The system, called the Microsoft AI Diagnostic Orchestrator (MAI-DxO), was tested using case studies published by the New England Journal of Medicine (NEJM). These cases are known for being particularly complex and usually involve teams of specialists. According to Microsoft, the AI got the correct diagnosis 85.5 per cent of the time, compared to just 20 per cent for a group of experienced doctors from the US and UK.

How the technology works

As more people turn to digital tools for medical advice, the company says it sees over 50 million health-related searches every day across its services like Bing and Copilot.

To test the system, Microsoft created a new challenge called the Sequential Diagnosis Benchmark (SD Bench), based on 304 real NEJM cases. The cases were turned into step-by-step scenarios, where the AI or a human doctor could ask questions or order tests before making a diagnosis. Each test had a virtual cost, helping to measure both accuracy and how wisely resources were used.

Microsoft tested several top AI models, including OpenAI’s o3, Claude, Gemini, Llama, and DeepSeek, both alone and as part of MAI-DxO. The orchestrator system works by combining different models to act like a team of doctors, sharing ideas and narrowing down possible diagnoses.
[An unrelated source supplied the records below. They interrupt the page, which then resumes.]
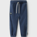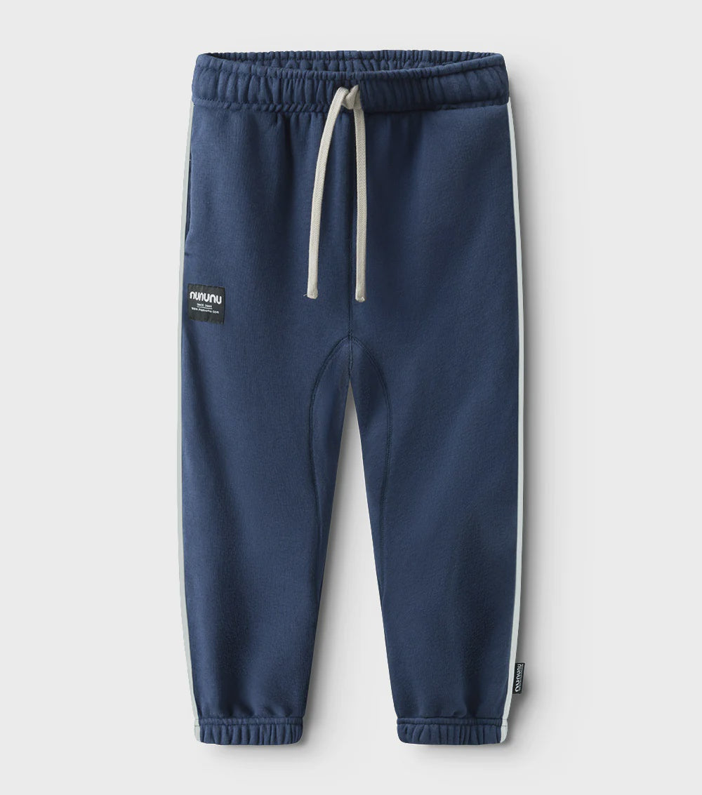 for the kid who can’t stop moving, we’ve got a rad pair of gender neutral sweatpants that are ready for any activity. they’re made of indigo french terry that's practically as soft as bunnies with a black stripe down the side of the leg to let the world know the kid wearing them is ready to hop to it. plus, they’ve got a nuanced inner hemline near the crotch for that rounded look and side pockets for stashing snacks. a drawstring & elastic ankle cuffs keep the look ready to race. cuff them or don't. they look incredible no matter what.
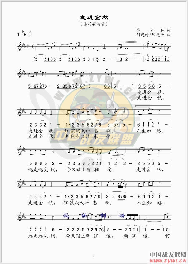 走进金秋 线、简谱混排版
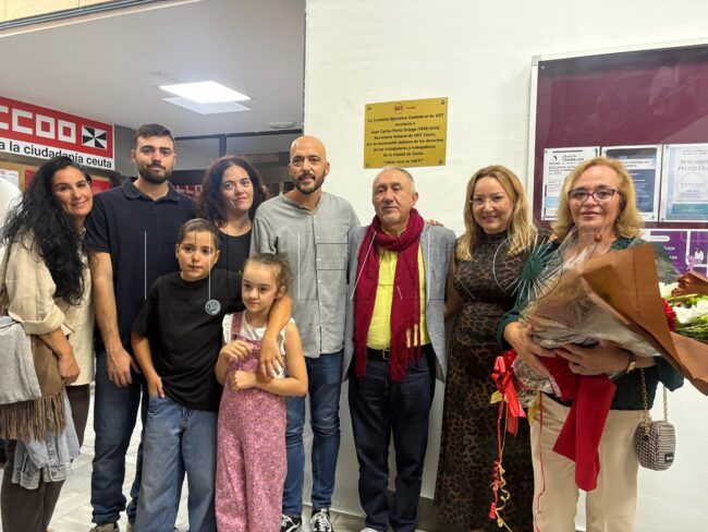 Este sencillo, pero emotivo acto, ha tenido lugar en el edificio sindical. Concretamente, en la planta baja, donde se ha destapado una placa homenaje a Juan Carlos Pérez que ha emocionado a todos los presentes.
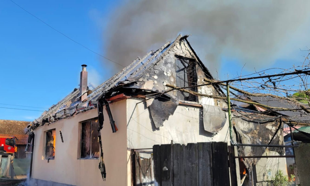 Incendiu la o casă din Moșna, Sibiu. Locuința a fost distrusă.
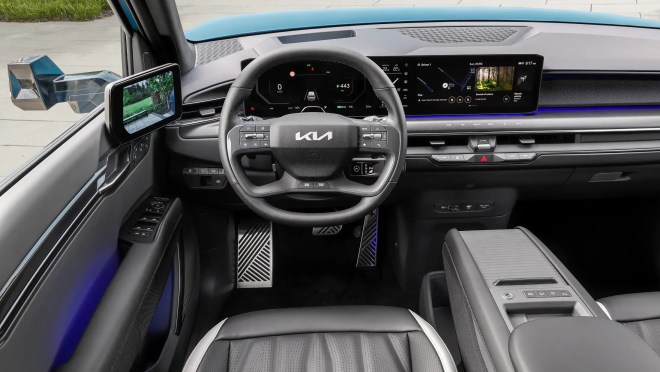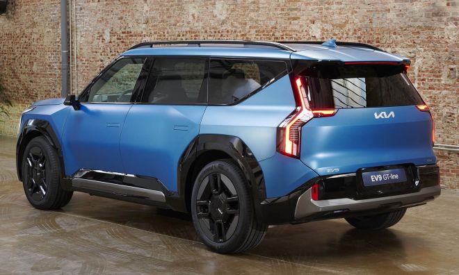 O Kia EV9 mede 5,01 metros de comprimento, 1,98 metro de largura, 1,7 6 metro de altura e possui uma distância entre eixos de 3,10 metros. As rodas são de liga leve de 21 polegadas.
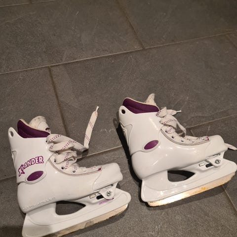 Hvite skøyter for barn i størrelse 29, egnet for ulike skøyteaktiviteter. Skøytene har snøring og metallblad, designet for å gi støtte og stabilitet under bruk.
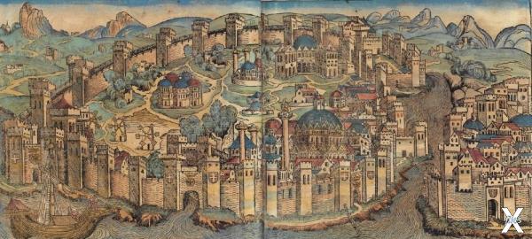 Сколь трудно было Магомету поместить свою многочисленную армию на тесном пространстве между Золотым Рогом и морем, столь же непросто было и Константину растянуть свои малые силы по городским стенам, достигавшим в длину 60 верст и имевшим 28 ворот. Вся эта линия была разделена на части, от одних ворот до других, и начальство над каждой было вверено самым опытным военным. Так, против Романовских ворот стал Джустиниани с тремя сотнями итальянских стрелков; справа от него стену защищали храбрые братья Троилли, Павел и Антон, а слева - до замка Семи Башен, генуэзец Мануэц с 200 лучниками; адмирал Лука Нотарес начальство-вал по стене против Золотого Рога, где стояли 15 греческих кораблей, защищенных перекинутой с одного берега на другой железною цепью. Внутри города, у церкви святых Апостолов, поставили резерв из 700 человек, который должен был поспевать всюду, где потребуется помощь. В самом начале осады на военном совете было решено беречь свои малые силы как можно больше, вылазок не делать, поражая неприятеля из-за стен.
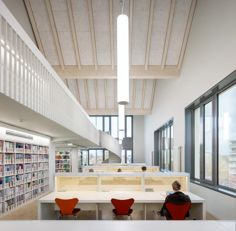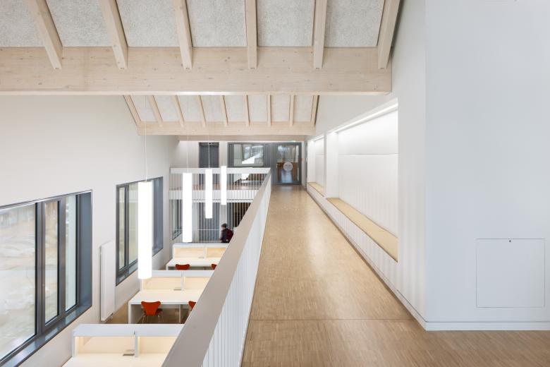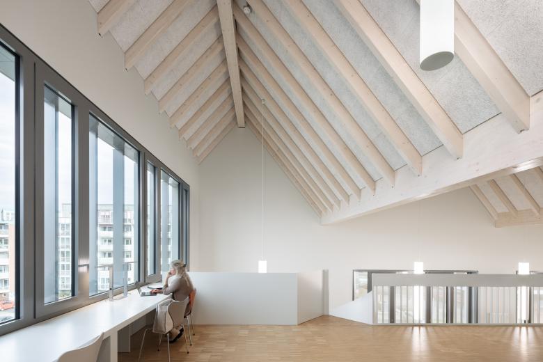 Unter der Dachlandschaft befindet sich der zweigeschossige Lesesaal mit Galerie und Bücherwand – ein besonderer, identifikationstiftender Raum.
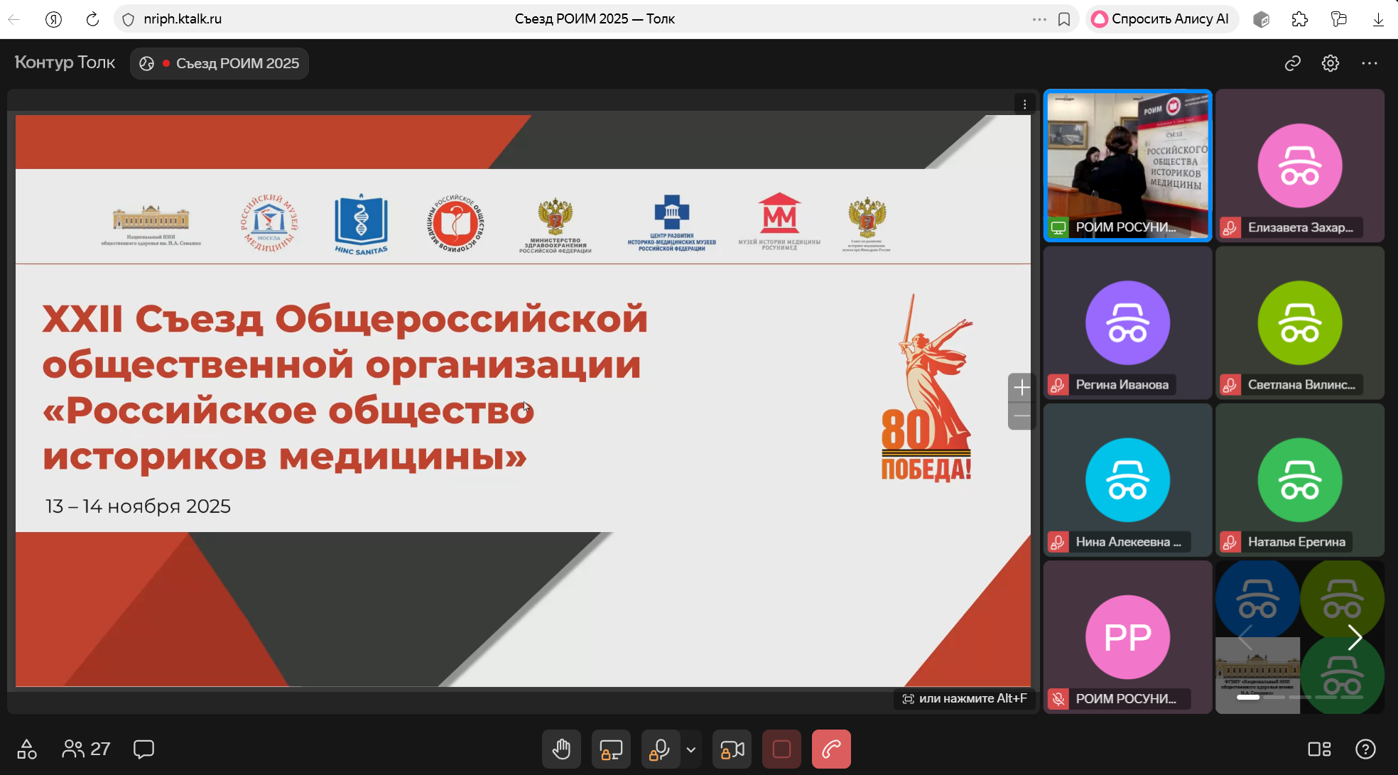 - Пленарное заседание XXII Съезда Общероссийской общественной организации «Российское общество историков медицины»;
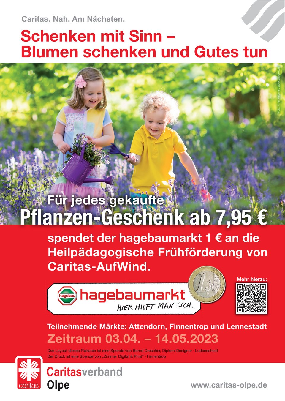 Gutes tun wird bunt: Mit dem Frühling steigt die Lust, Pflanzen zu kaufen, den heimischen Garten auf Vordermann zu bringen und seinen Liebsten mit Blumengeschenken eine Freude zu bereiten – nicht nur zum anstehenden Osterfest. Die florale Spendenaktion der regionalen Hagebaumärkte bietet vom 3. April bis einschließlich 14. Mai beste Gelegenheit zum „Schenken mit Sinn“. In diesem Zeitraum unterstützen die Fachmärkte in Attendorn, Finnentrop und Lennestadt pro gekauftem Pflanzengeschenk ab 7,95 € die Heilpädagogische Frühförderung von Caritas-AufWind mit je 1 €.

The best results came from using MAI-DxO with OpenAI’s o3 model, the tech giant stated.

Reportedly, the results showed that the AI not only diagnosed more cases correctly but also did so with fewer and more cost-effective tests than the doctors involved in the study.

Limitations of the Microsoft Medical AI

However, Microsoft admitted the research has its limits. The tests focused on rare and complex cases, not everyday health problems. Also, the doctors were not allowed to use any support tools like books or the internet during the test, unlike in real-world situations where such resources are often used.

Other tools developed by the company include RAD-DINO, which helps improve radiology processes, and Dragon Copilot, a voice assistant for doctors.

Microsoft says it is now working with health organisations to test its AI in real clinics and hospitals. Before any wider use, the technology will need to meet safety standards and get approval from regulators.